All of this would be great if it weren’t for the fact that each song seems to try on a different musical genre to see what makes Carpenter most “iconic” – a versatility that leaves us unmoored and confused. There are moments on “Please Please Please” that feel like doing a shot of straight Lana Del Rey (“I’m asking you not to bother me, morf**ker”), and then Carpenter turns to the full-on slow-jam Noughties R&B from “Good Graces”, where she runs up and down in a soprano like Grande (obviously her vocal inspiration), then she goes indie on “Sharpest Tool” (arguably the standout behind “Espresso”) with a minimal, pulsing acoustic background, before she channels Joni Mitchell via metallic guitar and whimsical riffs on “Coincidence.” If that’s not enough to give you whiplash, by the end of the album we’re also treated to a decent amount of The Ronettes-via-Meghan-Trainor vocal harmony and , bizarrely, a Dolly Parton-esque, postmodern country song, “Slim Pickins,” in which she laments over bittersweet banjo “these douchebags in my phone” and her challenging quest to find a boy who’s “both jacked and kind.”

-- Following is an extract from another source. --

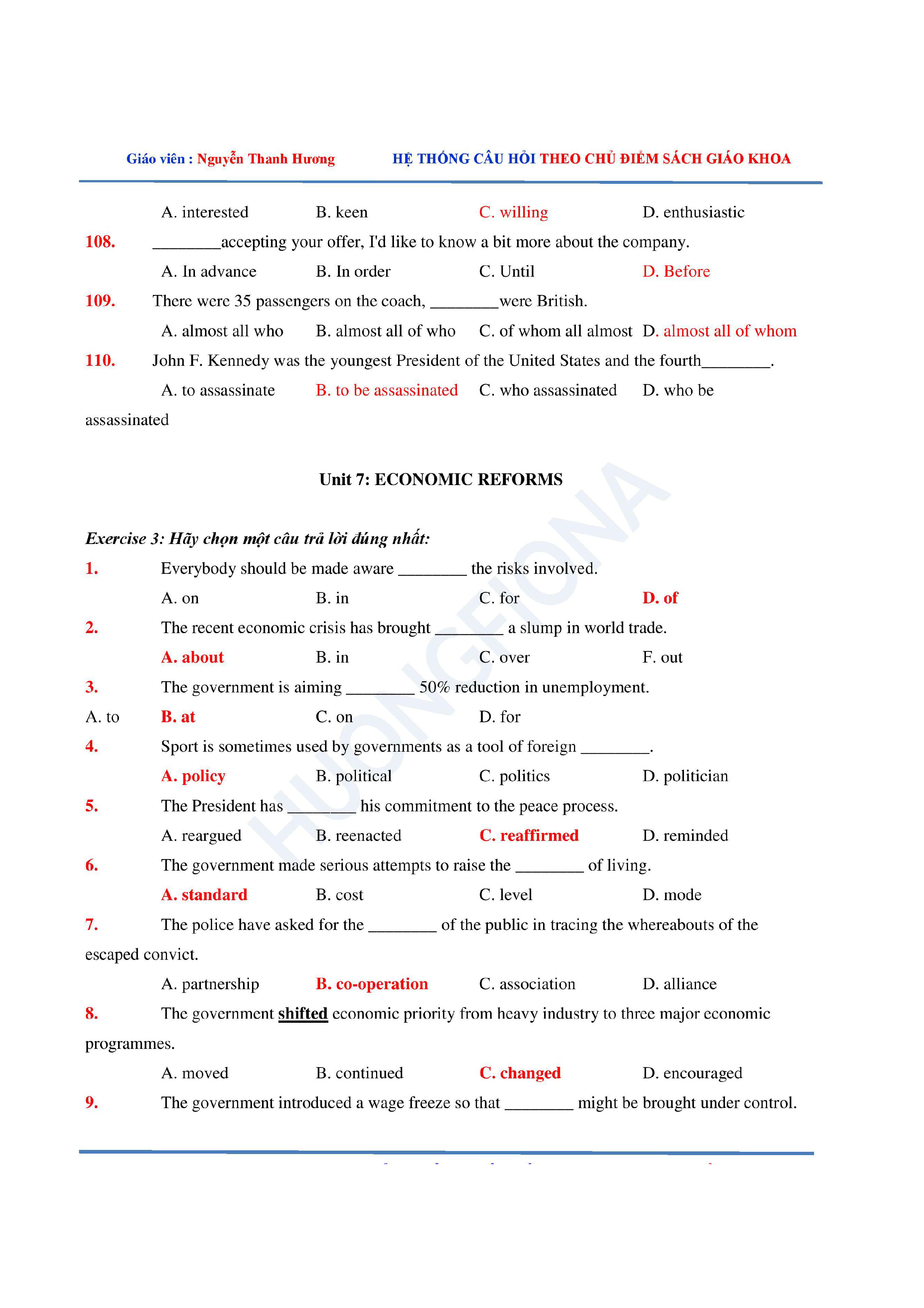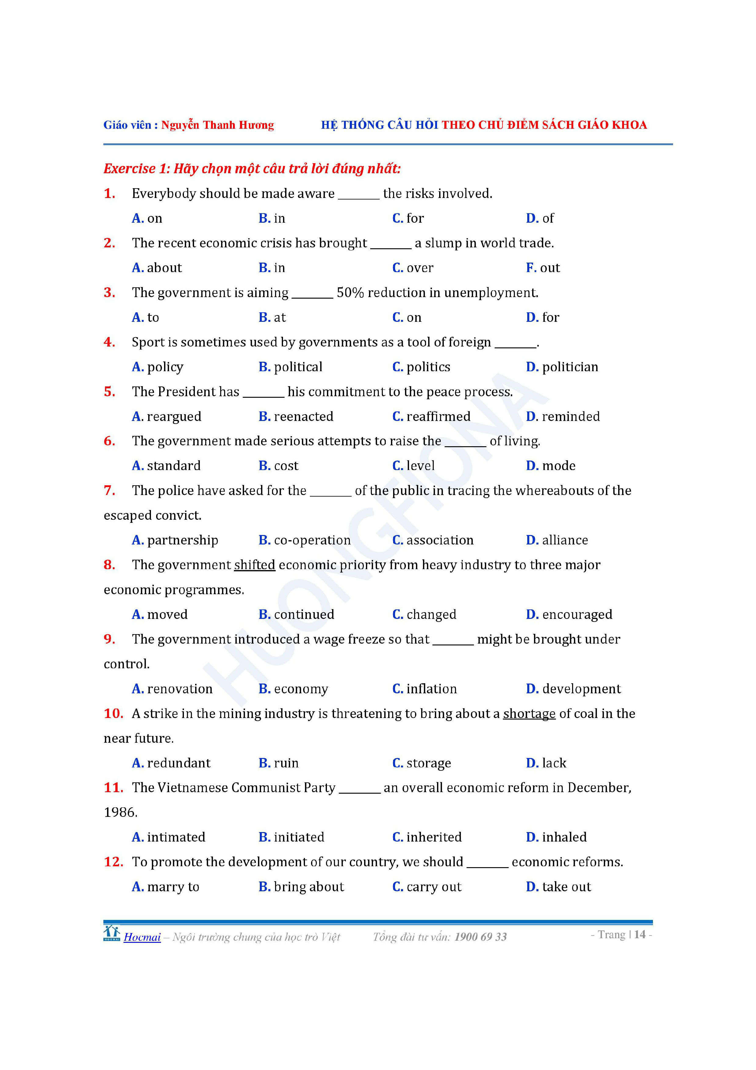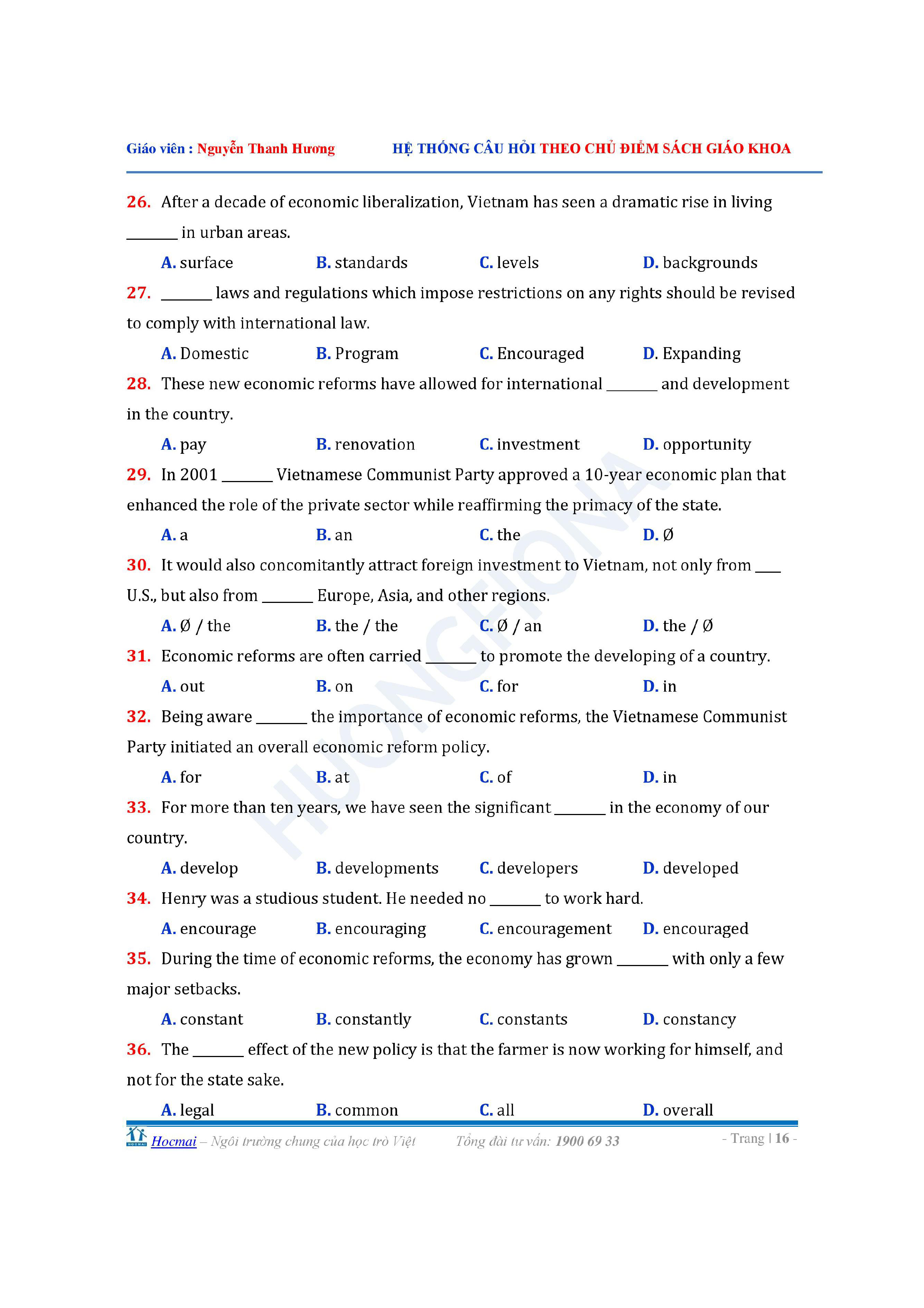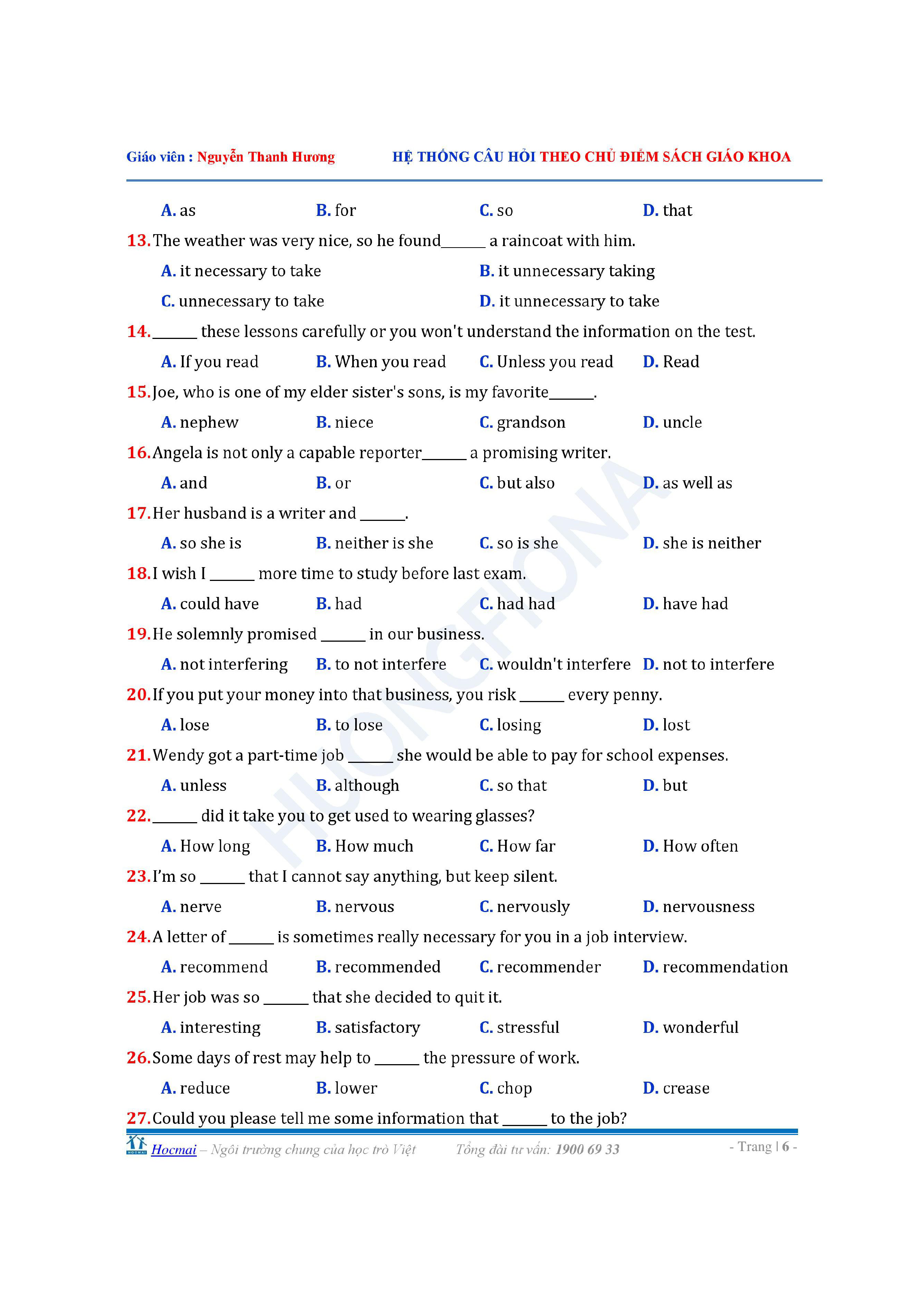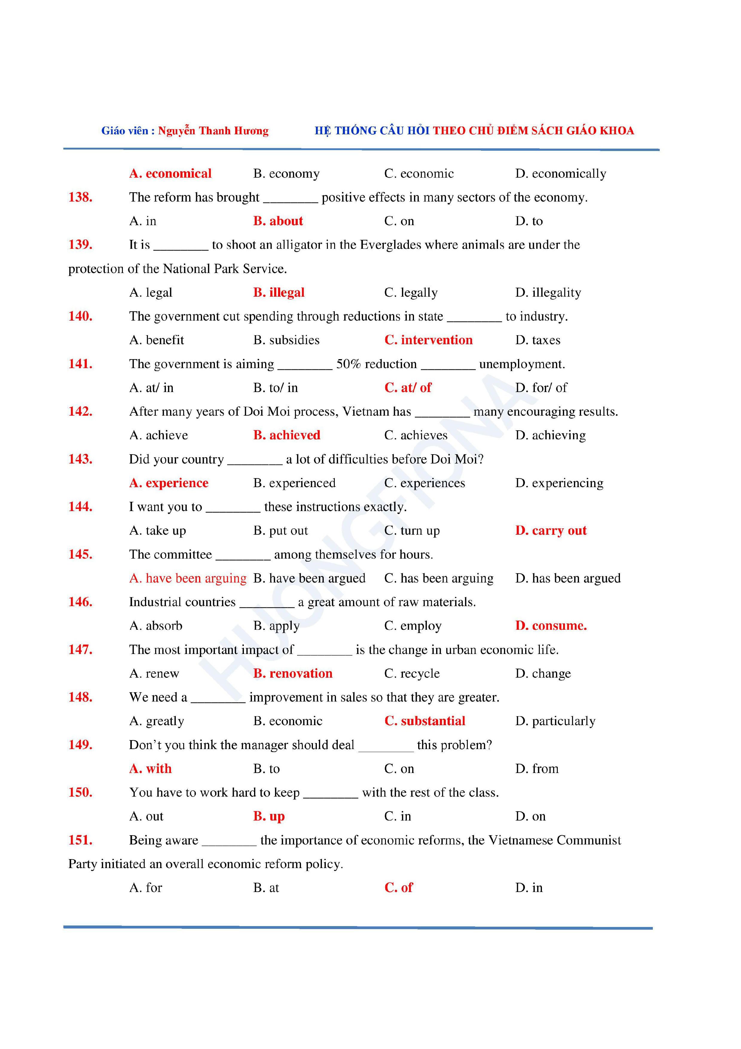 Câu hỏi trắc nghiệm Tiếng Anh theo từng chủ điểm (phần 2)

Through it all, we come out remembering only the hazy calypso from “Espresso” – but if Carpenter wants to show us that life is fun and games, he’s succeeded. “Heartbreak is one thing/ My ego’s another”, she winks on “Please Please Please”, before pleading with her unpredictable lover: “Don’t bring me to tears / When I’ve just done my make-up so beautifully”. These lines are microcosms of an album heavy on one-liners and thick with deluxe production, but starved of emotion, identity or consistency – and they also conveniently capture the 21Stcentury appeal of our surface-level summery queen.